======== Material supplied

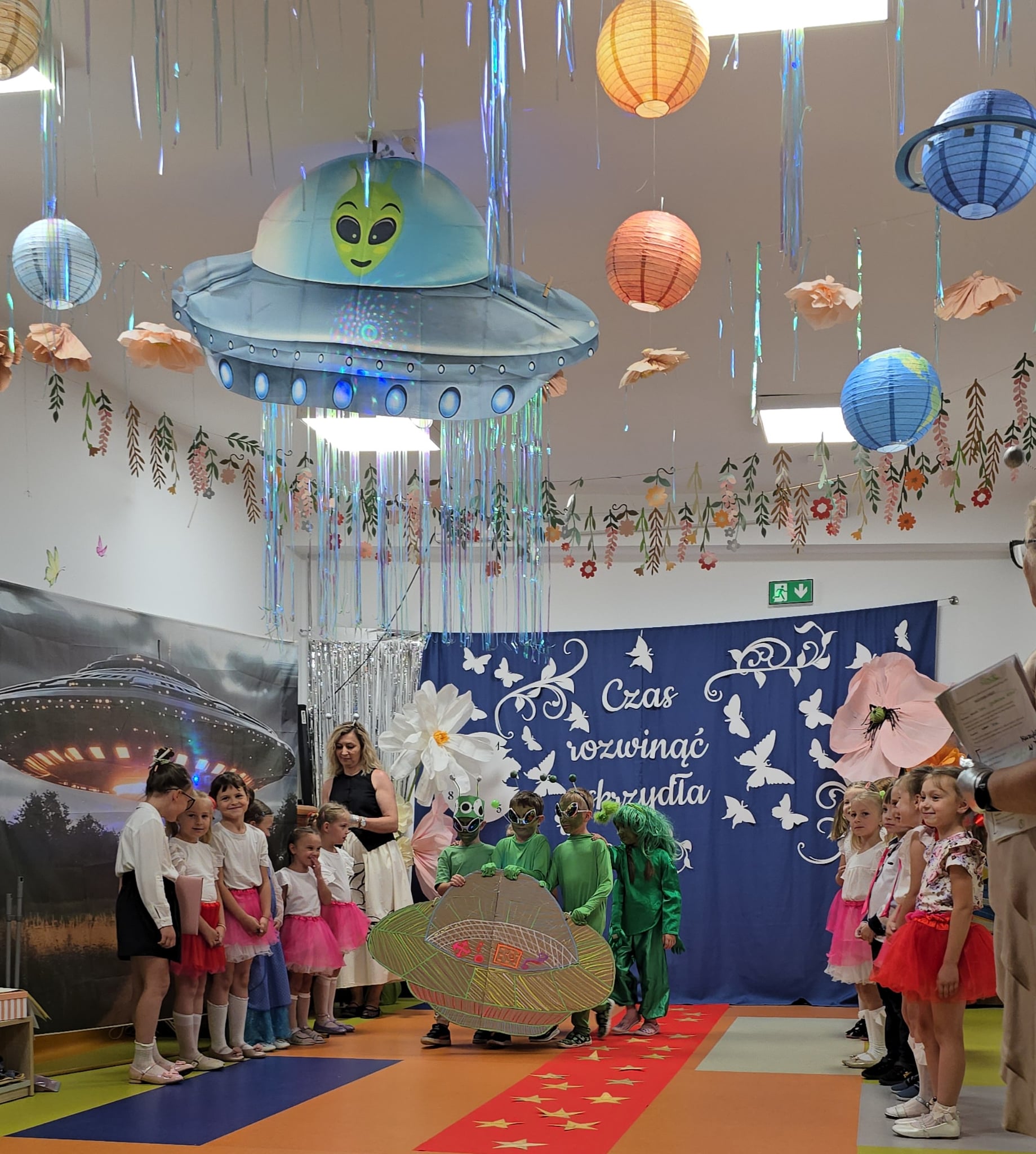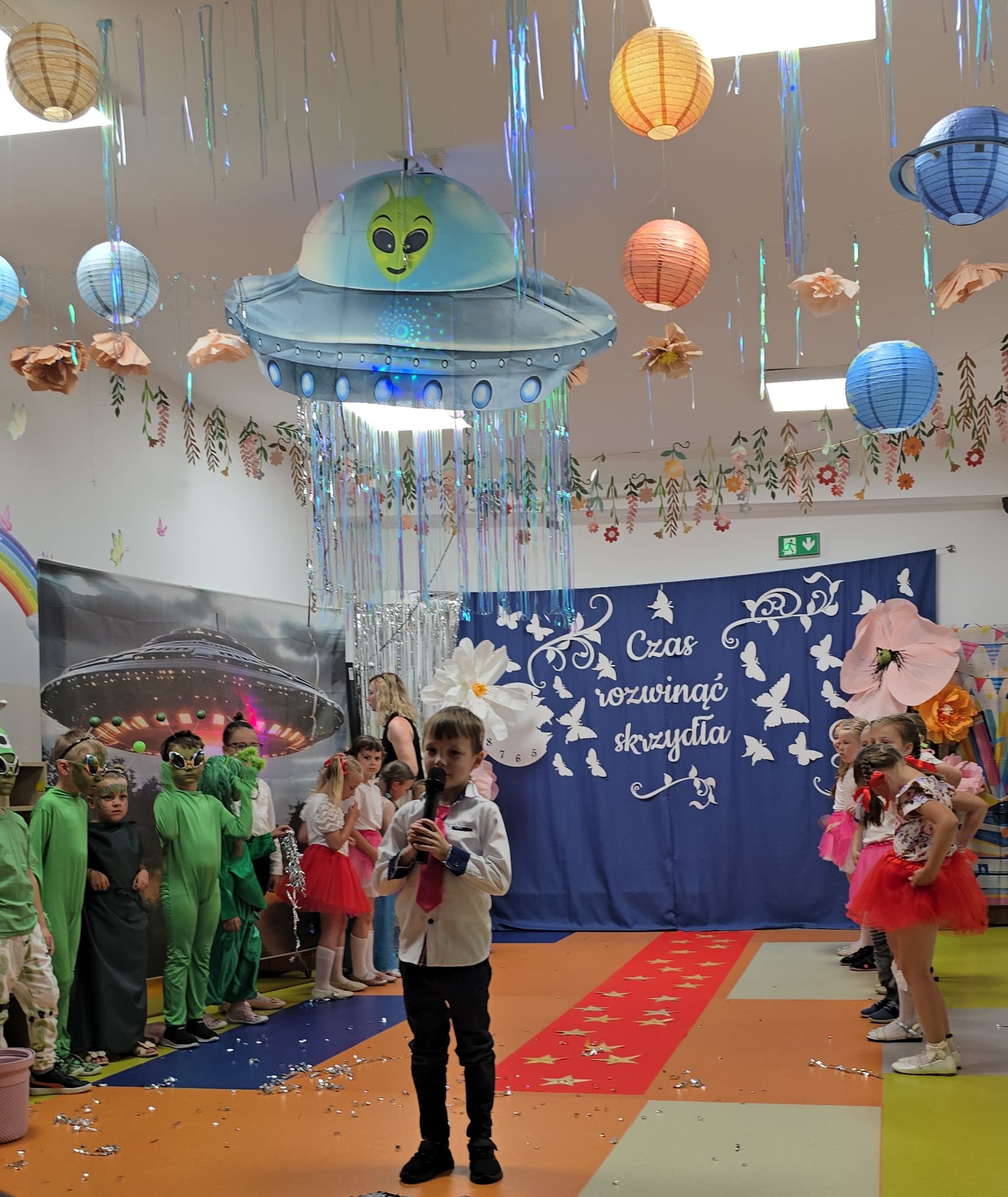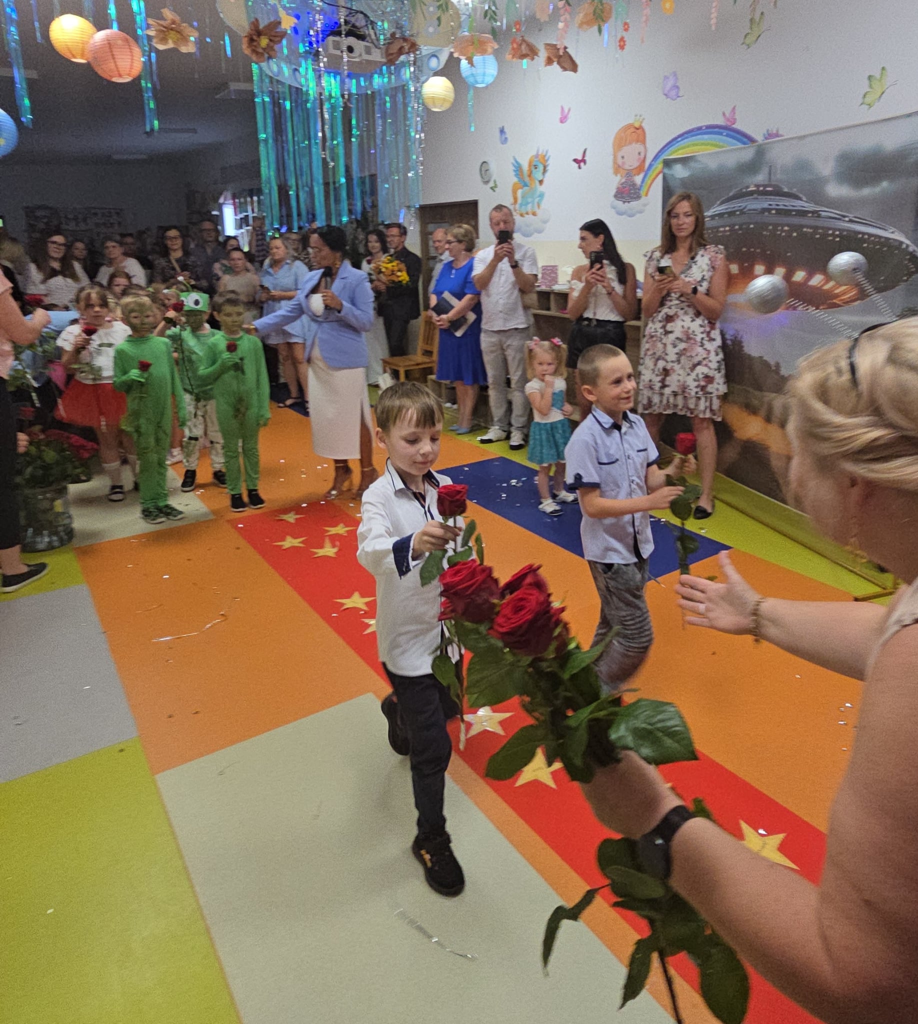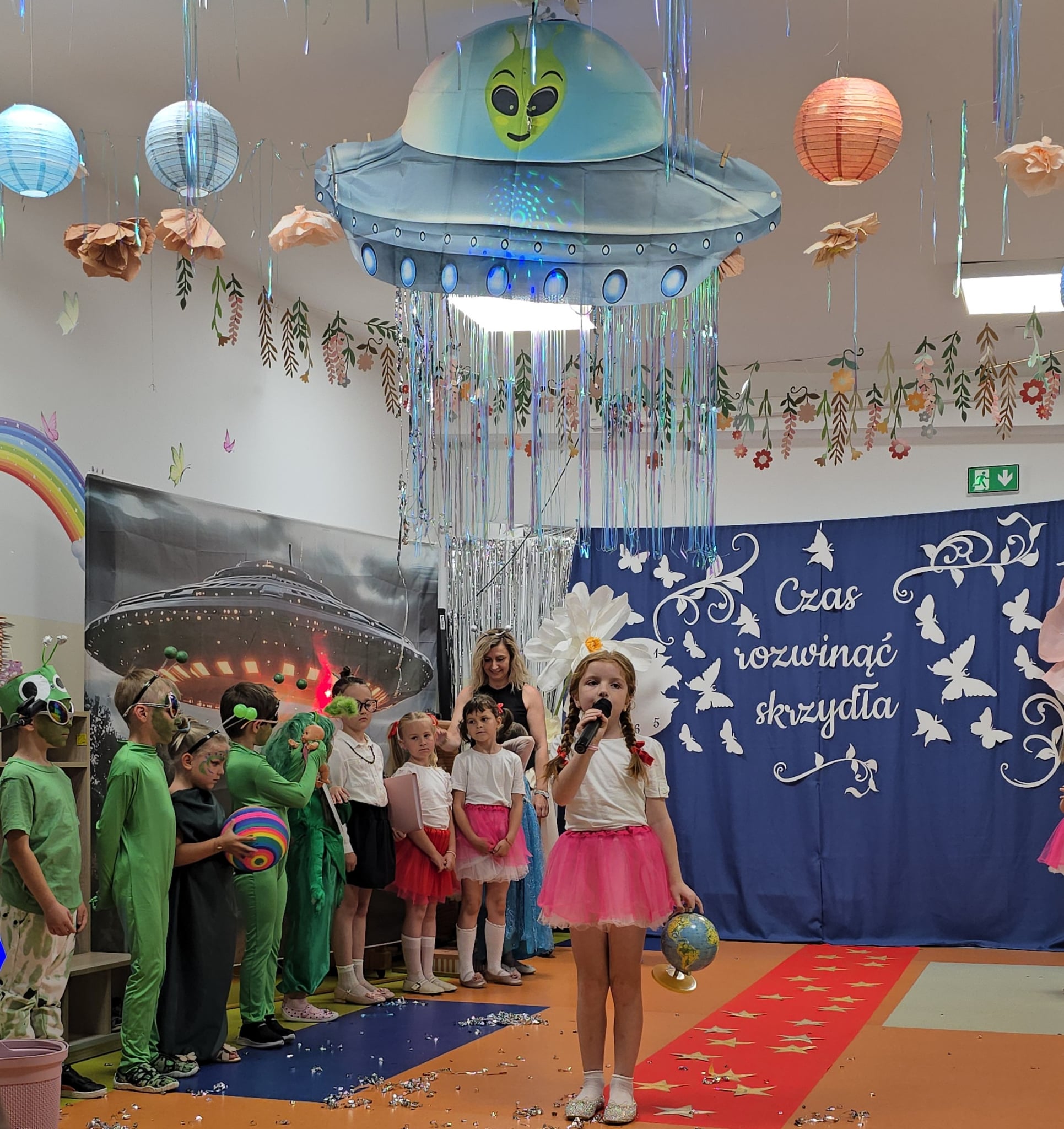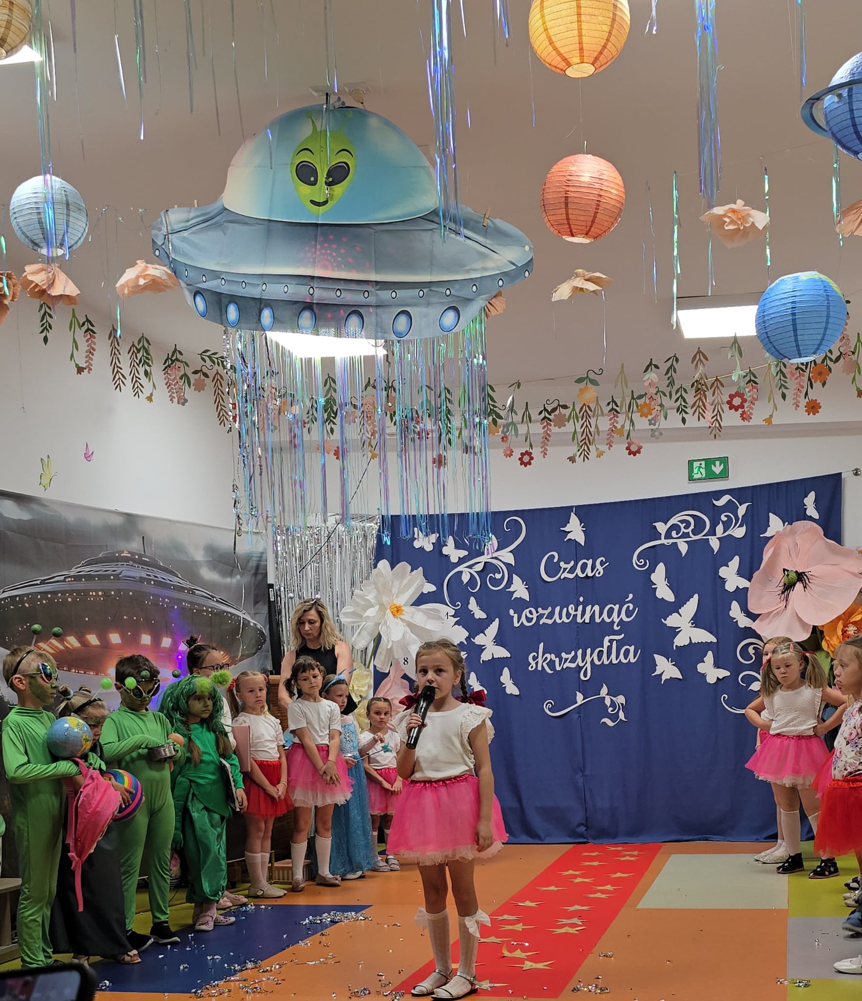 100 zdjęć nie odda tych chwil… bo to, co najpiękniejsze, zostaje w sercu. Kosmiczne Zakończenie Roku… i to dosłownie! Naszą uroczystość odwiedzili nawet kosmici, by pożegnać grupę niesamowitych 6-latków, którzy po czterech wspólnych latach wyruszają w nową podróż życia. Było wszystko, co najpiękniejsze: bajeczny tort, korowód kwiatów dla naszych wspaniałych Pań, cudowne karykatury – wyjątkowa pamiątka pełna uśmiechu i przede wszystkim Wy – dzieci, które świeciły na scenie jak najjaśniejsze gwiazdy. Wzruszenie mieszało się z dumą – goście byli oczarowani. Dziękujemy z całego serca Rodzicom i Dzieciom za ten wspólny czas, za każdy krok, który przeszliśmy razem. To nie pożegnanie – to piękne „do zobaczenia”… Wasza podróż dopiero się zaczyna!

================
======== Material supplied

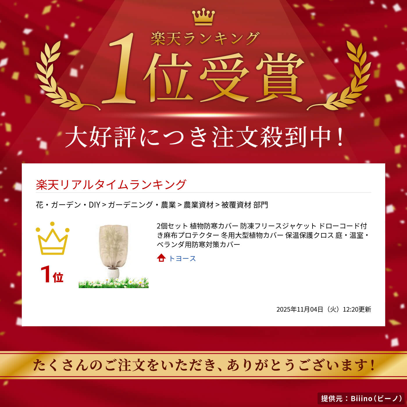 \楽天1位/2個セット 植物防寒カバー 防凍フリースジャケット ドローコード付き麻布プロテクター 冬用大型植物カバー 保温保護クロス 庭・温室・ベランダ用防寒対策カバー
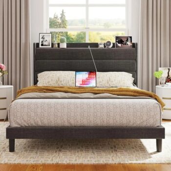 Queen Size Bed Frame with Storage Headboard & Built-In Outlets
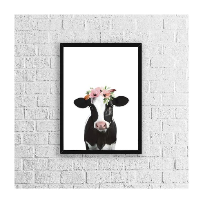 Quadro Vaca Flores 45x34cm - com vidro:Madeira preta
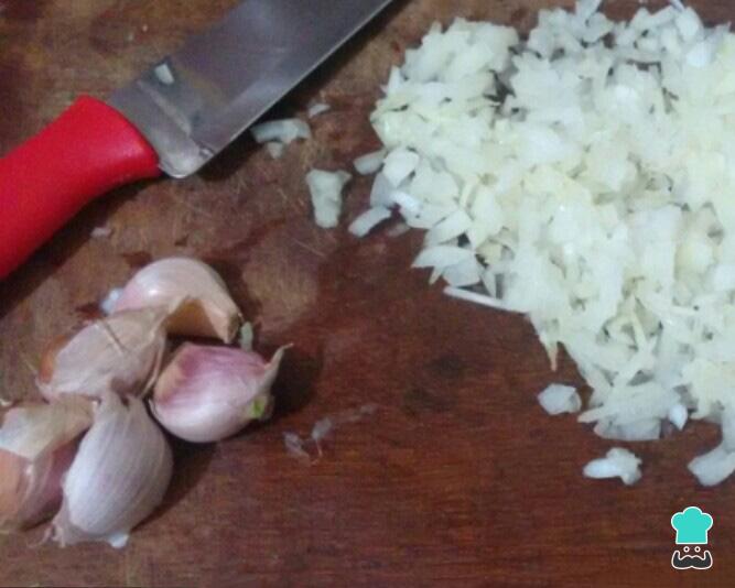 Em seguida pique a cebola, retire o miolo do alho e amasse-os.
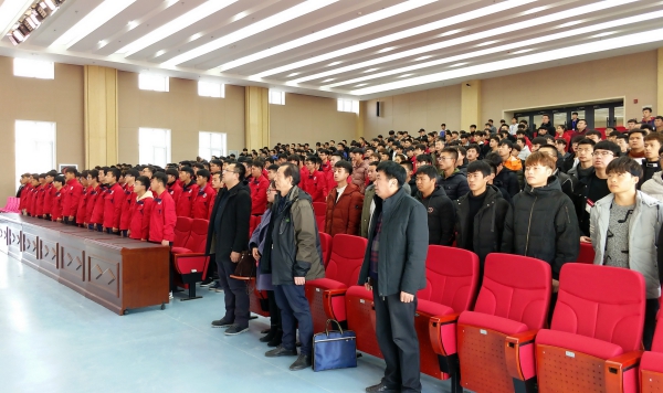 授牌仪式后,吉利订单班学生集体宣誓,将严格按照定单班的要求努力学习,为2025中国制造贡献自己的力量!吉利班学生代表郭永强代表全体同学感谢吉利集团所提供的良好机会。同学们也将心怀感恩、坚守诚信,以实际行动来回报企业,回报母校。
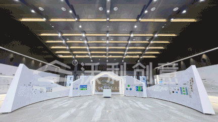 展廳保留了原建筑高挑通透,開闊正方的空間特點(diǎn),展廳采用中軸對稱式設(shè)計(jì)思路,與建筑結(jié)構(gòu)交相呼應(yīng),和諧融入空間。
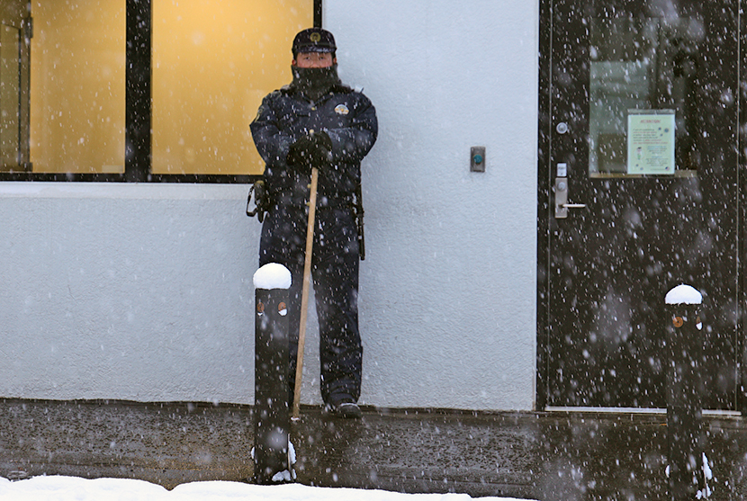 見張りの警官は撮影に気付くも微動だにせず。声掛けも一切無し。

================

In the listing above, find the line containing "Queen Size Bed" and the line containing "Em seguida pique", then write out both of them and every line between, exactly, with no pictures.

→ **Solution to this task**:
 Queen Size Bed Frame with Storage Headboard & Built-In Outlets
 Quadro Vaca Flores 45x34cm - com vidro:Madeira preta
 Em seguida pique a cebola, retire o miolo do alho e amasse-os.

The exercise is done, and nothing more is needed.